Non-autonomous dynamic network model involving growth and decay

Abstract

Quantifying growth model in large scale complex networks has been analyzed using various distributions. Networks which are of ample interest in current scenario tend to follow the exponential distribution in their degree characteristics. This preferential attachment model only reflected the growth mechanism of the system.

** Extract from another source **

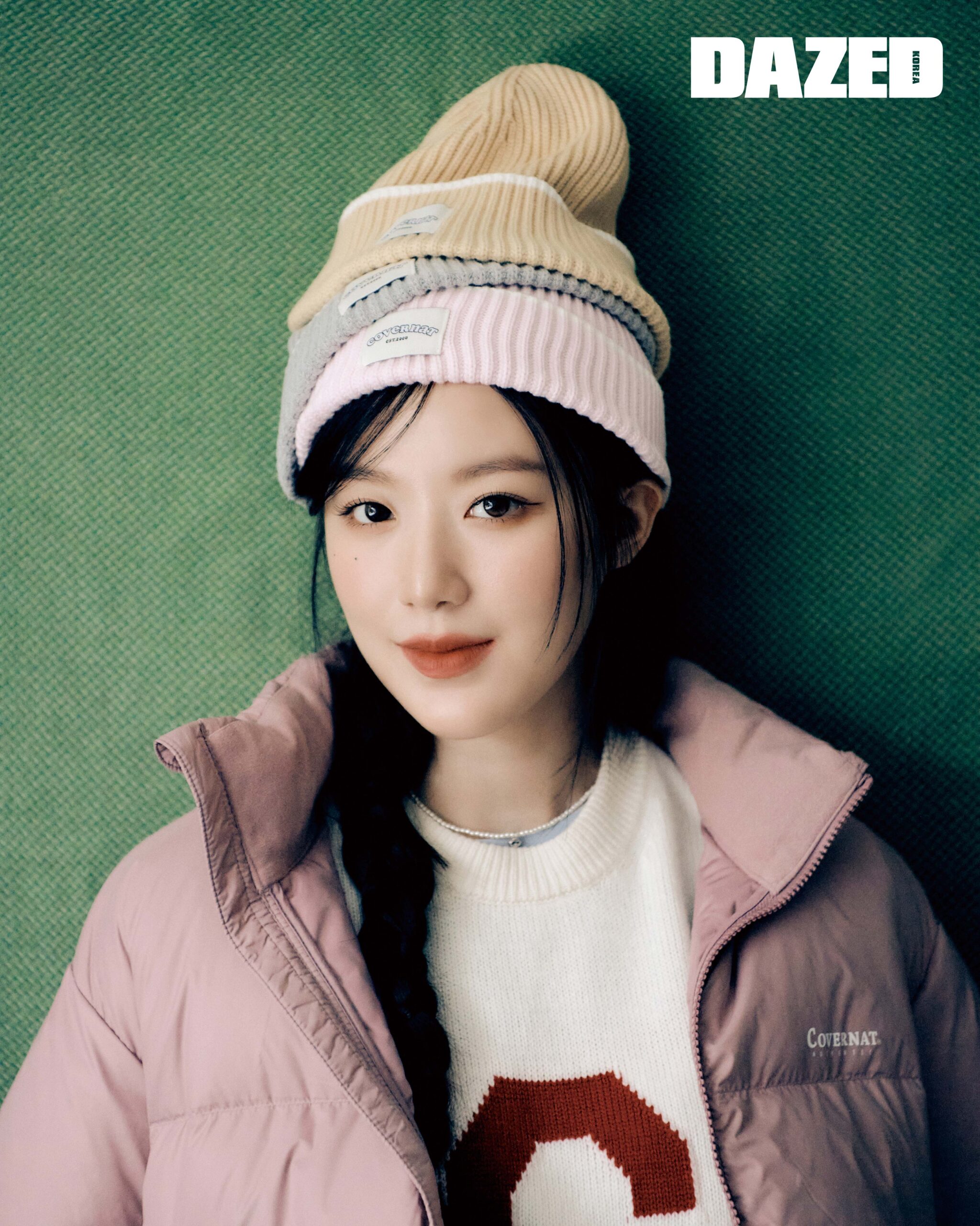 핑크 덕다운 쇼트 푸퍼 재킷과 아이보리 C 로고 크루넥 니트 톱, 레이어링한 클로버하트 비니는 모두 커버낫(Covernat), 네크리스는 스타일리스트의 것.

Birth and death are two indistinguishable phenomena of nature, thus losses of links and nodes in a network are bound to affect the distribution. Whether it be social network or biological reactions or body growth or it be popularity of actor or popularity of music genre all goes through three phases of growth, saturation and finally tends to decay. In this paper, we study this effect and come up with a more general “Gamma Distribution” model for these systems. A truly astonishing characteristic of these systems is their non-autonomy. The degree distribution parameter shows time dependency and follows an ‘inverted bathtub’ curve. Initially when the birth rate exceeds the death rate of links, the number of links increases, which lowers the number of hubs to number of links ratio. Thus, the distribution parameter (γ for scale-free) increases. When both rates are same, flat portion of bathtub curve is obtained. Finally, when the death of links dominates, three possibilities are there: When the number of hubs remains almost unchanged, decreasing portion of ‘inverted bathtub curve’ is observed. When hubs also start decaying, constant parameter value persists or creates spike in the curve on abrupt hub deaths. These sudden spikes can occur anytime during the life period of a network.